= Treaty of Kortrijk =

1820 treaty between France and the Netherlands

The border between the United Kingdom of the Netherlands and France as laid down in the Kortrijk treaty.

The Treaty of Kortrijk (Dutch: Verdrag van Kortrijk) was signed the 28 March 1820 in the current Museum of Arts Broelmuseum in the Belgian city of Kortrijk. This treaty laid out the boundaries between France and the United Kingdom of the Netherlands (under the reign of King William I of the Netherlands).

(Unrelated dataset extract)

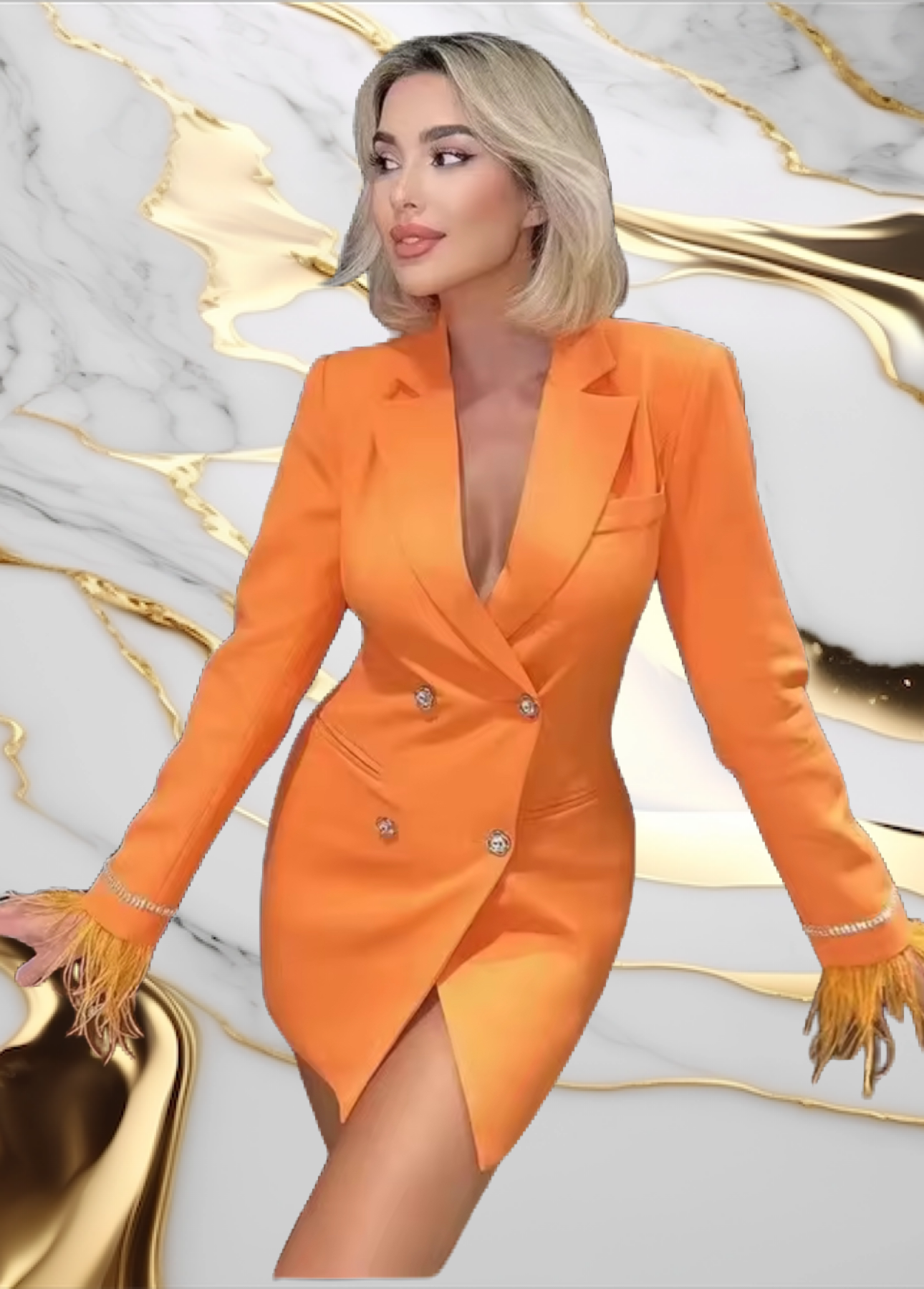 CARLY - Open Back Breasted Button Cuff Feather Blazer Dress

Belgium inherited the border upon its independence from the Netherlands in 1830. Nowadays, those boundaries still stand, with some minor corrections, as the official border between Belgium and France and between Luxembourg and France.

Prior to the treaty, border markers were set up on the border between France and the Nederlands in 1819. The Treaty stipulates that if a debate on boundaries is needed, a committee of representatives from France and Belgium will discuss it, but meetings have not been held since 1930.

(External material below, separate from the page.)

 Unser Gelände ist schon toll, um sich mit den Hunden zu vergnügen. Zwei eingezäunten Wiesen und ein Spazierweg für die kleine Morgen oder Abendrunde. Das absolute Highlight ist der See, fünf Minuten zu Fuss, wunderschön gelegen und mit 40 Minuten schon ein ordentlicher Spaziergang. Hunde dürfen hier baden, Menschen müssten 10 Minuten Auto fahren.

In 2021, the treaty was inadvertently violated when a disgruntled Belgian farmer, annoyed that one of the border markers was in the way of his tractor, moved the stone seven feet (2.2 metres) into French territory and enlarged not only his land but the entire country of Belgium. The mayors of the neighbouring French and Belgian villages took the encroachment good-naturedly, and the farmer was issued with a letter ordering that the stone be moved back to its original position.